Mind you, this was not insubordination or deliberate sabotage. You could be pardoned for imagining an otherwise stellar team lapsing into a fit of rebelliousness after being kept in sustained frustration. But no. As they recorded the story, the team stuck to its best practices. This came out of an operation being long kept bereft of the resources it legitimately required. The team was forced, by endemic management indifference, to look inward for solutions—from within their own limited resources. As Levy wrote, they even spent their own money to keep the job running as smoothly as possible. But where a total reappraisal of resource needs was called for, this could deliver only ad-hocism. And that meant things eventually spiralling out of control, into a full-blown crisis.
The budget constraints in the armed forces give us a perfect analogue—only, on a much larger scale. It’s a harsh reality that, despite regular debates and calls of desperation, no tangible changes are seen in the overall allocations to defence. Pundits have been warning for years that less than 3 per cent of GDP towards defence cannot boost our preparedness to meet external threats—and anyone who reads the news knows these have been on the rise of late.
But the only thing we hear of is a perpetual state of penury. And, consequently, the slew of measures through which the forces themselves are forced to exercise thrift, sometimes in a reactive way.
The ‘Demands For Grants Analysis 20-21’ reflects the general decline of defence expenditure as a percentage of GDP over the last 10 years. And there’s also a troubling skew within that. Pay & allowances and pension components increasingly form a larger part of the expenditure pie, leaching away vital funds from capital needs. The army has seen its capital expenditure share drop from “26 per cent in 2007-08 to 18 per cent in 2020-21”. Pay & allowances “account for 70 per cent of its total revenue expenditure and 57 per cent of the total budget”.
Seen against the dire need for modernisation, this inequitable ratio between capital and revenue comes as a pincer squeeze. India faces an unpredictable dynamic on its borders, and we as a nation may have occasion to rue this conjuncture if we need to fall back on those brave words—“We shall fight with whatever we have”—that an army chief had mouthed two decades ago.
The counter-argument that defence cannot remain insulated from the other critical concerns a nation is faced with—and therefore has to accept resource constraints—only plunges us into endless iterations of the unenlightening ‘butter versus gun’ debate.... Goebbels and the truth aren’t easy cohabitants but we could surely take his gnomic truism—“One cannot shoot with butter”—at face value.
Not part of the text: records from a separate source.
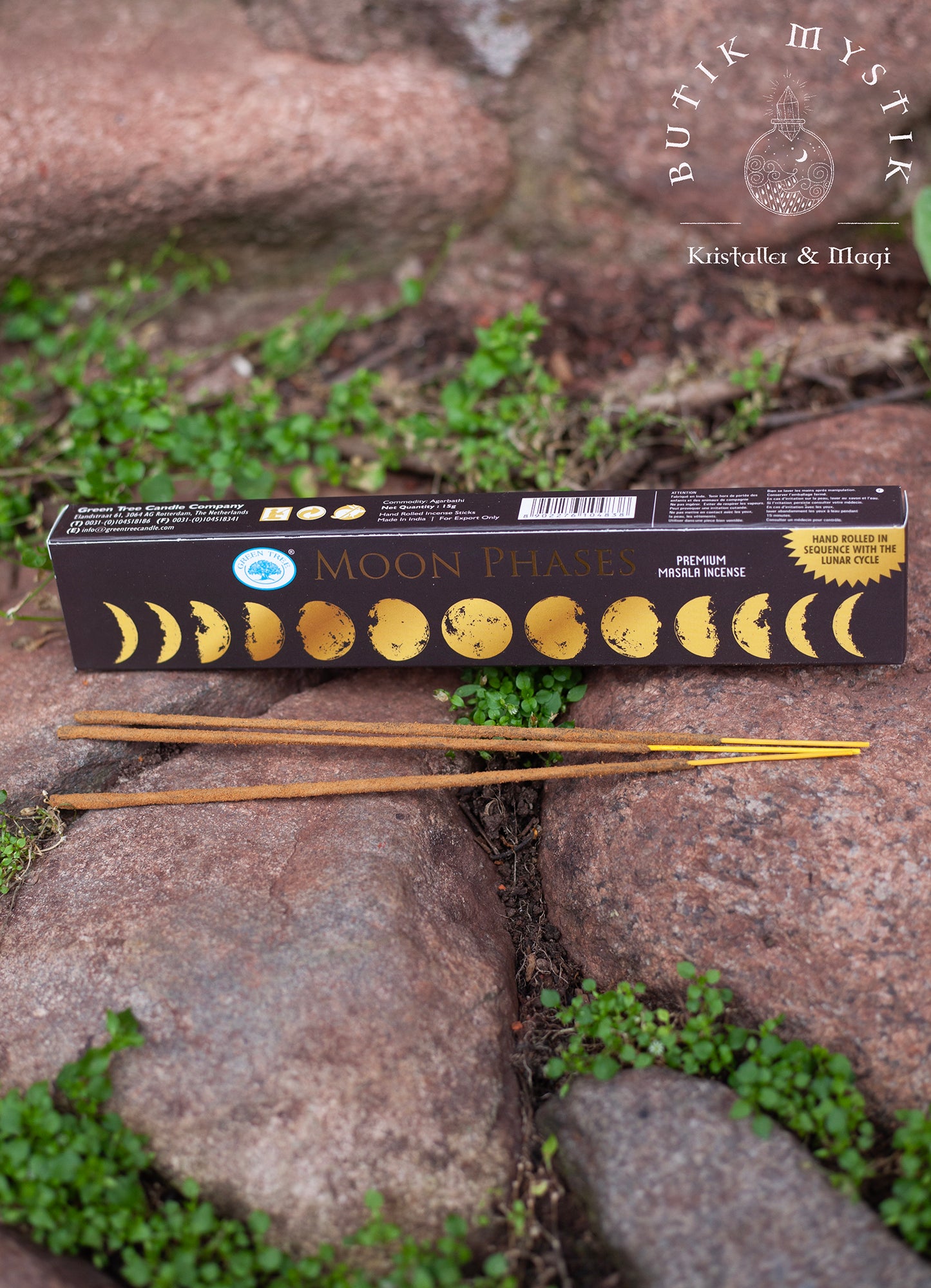 Rökelserna "Moon Phases" är en unik och mystisk doftkomposition som står i harmonisk samklang med måncyklernas oföränderliga rytm. Varje fase av månen har sin egen karaktär och energi, och dessa rökelser fångar essensen av dess olika skepnader, från den magiska nymånen till den strålande fullmånen.
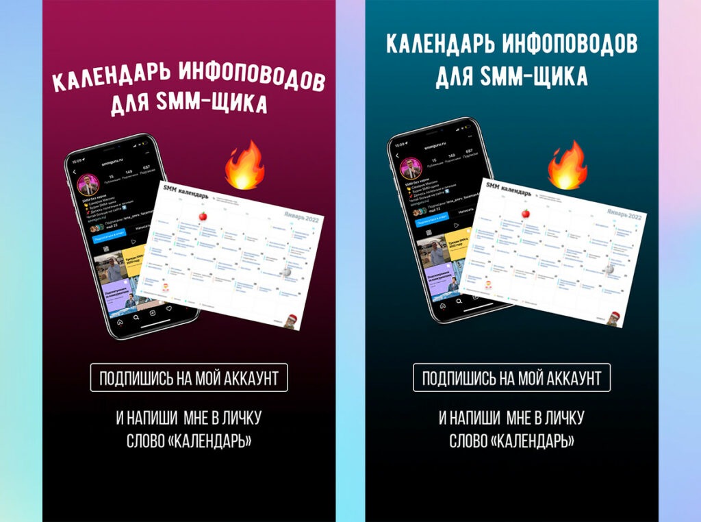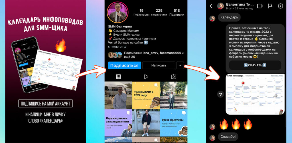 Вроде всё просто, но это на первый взгляд. Дальше начинается придумывание того, что вы можете дать полезного в своей сфере. И тут первые сложности, так как что-то полезное трудно придумать, а еще труднее сделать. Именно поэтому Instagram заполонили говно чек-листы. Не так-то легко сделать что-то стоящее. В моем случае я сделал pdf-календарь с инфоповодами и версию за январь я дарил за подписку.
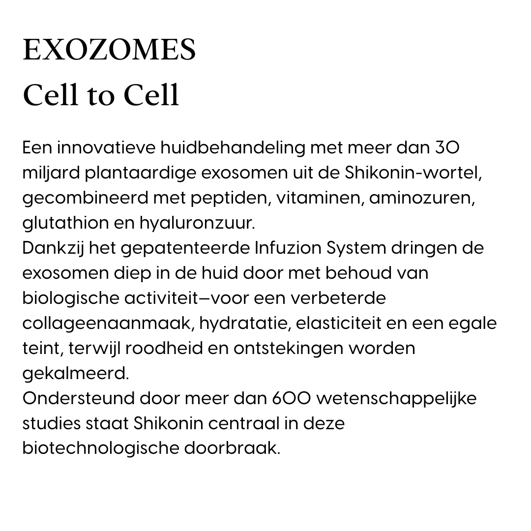 De Infuzion System® producten bevatten niet-dierlijk hyaluronzuur afkomstig van niet-pathogene microbiële fermentatie. De BOOZTER is rijk aan hyaluronzuur, vitamines en antioxidanten, ideaal voor donkere kringen onder de ogen en fijnere rimpels. De VOLYMIZER bevat puur hyaluronzuur, wat extra volume geeft door de grotere moleculaire massa, en is perfect voor het herstellen van verloren volume in de huid.
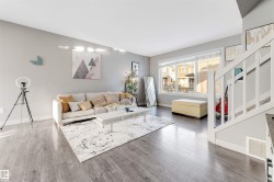 A great home for first time buyers, Move up or Move Down buyers or Smart Investors. This 2 primary bedroom suite layout is sure to impress. One bedroom has a walk in closet and full 4 pc Ensuite with granite counters and the second bedroom has attached bathroom with granite counters and two larger regular closets. Both rooms are spacious and have larger windows. Main floor features corner L-Kitchen with granite counter tops and stainless steel appliances. Basement features the laundry and the double attached garages. The beauty of this particular layout is that both stairs are split and its not steep climb like most townhouses. Close to parks, Manning shopping centers, Transit, Schools and Henday is also within reach. Rich laminate flooring really compliments the paint and brigh interior. Lots of large windows in the front and back and home is very inviting and very well taken care off. Great location for families and young couples looking for their first home. OWN it today.
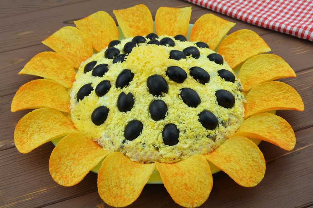 Это блюдо готовить просто, все ингредиенты доступны. Его особенность в оформлении. Готовый салат напоминает подсолнух. Он украсит любой праздничный стол и точно удивит гостей. Ингредиенты для классического рецепта:
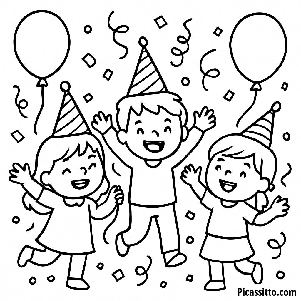 Scarica e stampa questa gratuita pagina da colorare di Celebrazione di Capodanno con bambini in cappelli da festa, palloncini e coriandoli! Perfetta per il divertimento festivo!
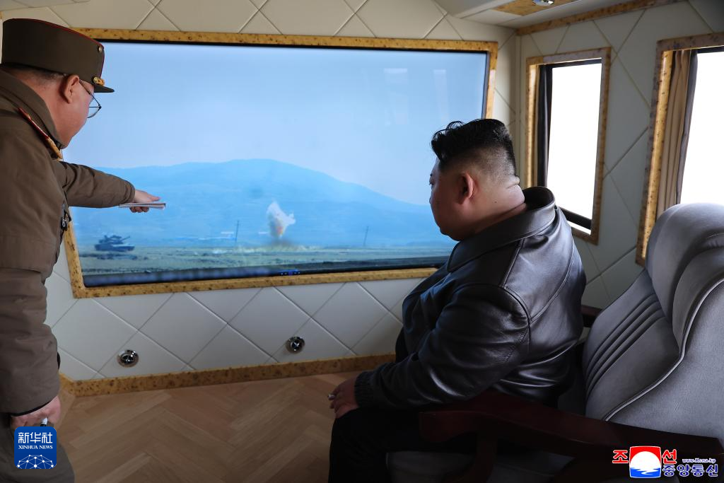 据朝中社3月29日报道,朝鲜劳动党总书记、国务委员会委员长金正恩观摩了使用碳纤维复合材料的大功率固体燃料发动机地上点火试验,以及由国防科学院装甲武器研究所组织的坦克能力评估试验。 新华社/朝中社
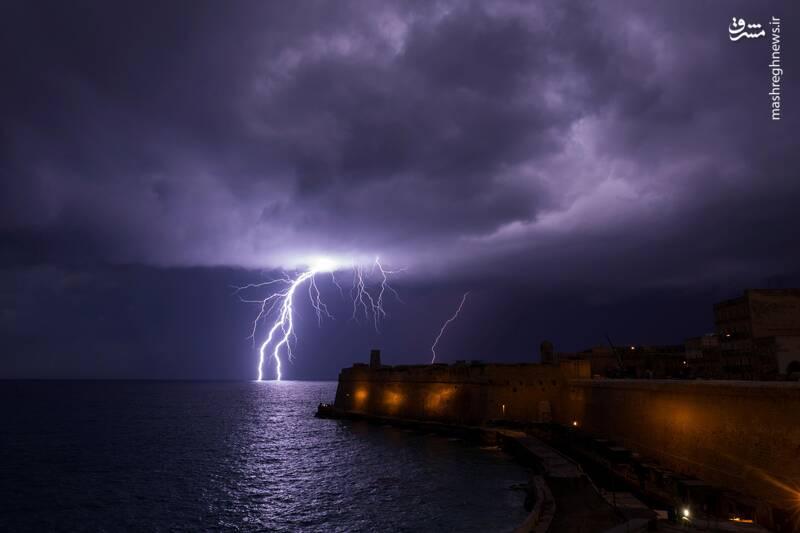 تصویر دیدنی از برخورد صاعقه با دریا در ساحل جزیره Fort St Elmo در جنوب ایتالیا را میبینید./ عکس: Darrin Zammit Lupi
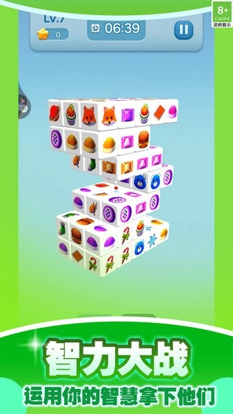 方块零零幺是一款创意十足的3D消消乐趣味闯关游戏,玩家在游戏里需要旋转屏幕中的大方块,找出相同图案进行消除。要是一时找不到相同图案,还能滑动屏幕、调整旋转角度来仔细搜寻。这种3D立体的设计,大大提升了游戏的挑战性与可玩性,能让玩家在方块零零幺中收获全新的游戏体验。此外,游戏的关卡十分丰富,绝对能让你玩得开心。在方块零零幺里,玩家还可以通过闯关收集星星,用星星兑换更多实用道具,助力自己取得更高分数呢。

Still, the larger question looms: what does the Indian government do? There are multiple enemies at our door, and little bread in the house—forget butter.
In the corporate world, a CFO may trim travel down to economy class in a tight year. But then, to quote Churchill from 1904, “The army is not like a limited liability company, to be reconstructed, remodelled, liquidated and refloated from week to week as the money market fluctuates...” The counter-view to that came from Haldane, Britain’s Secretary of State for War, a year or so later: “If money is tight and the cost of a modern army enormous...why spend so much on pretty uniforms and no less than £15 million on bands?” (The RUSI Journal, Volume 125, 1980 - Issue 2). Those issues seem perennial! See how that syncs with the recent internal review of existing practices by the Indian army—and its acceptance for the need in reduction in ceremonials—in a stated drive towards ‘Optimisation of Manpower and Resources’.
The Pension Conundrum
Now juxtapose this with the new recommendations on pensions that are floating around...and see a pattern forming all around.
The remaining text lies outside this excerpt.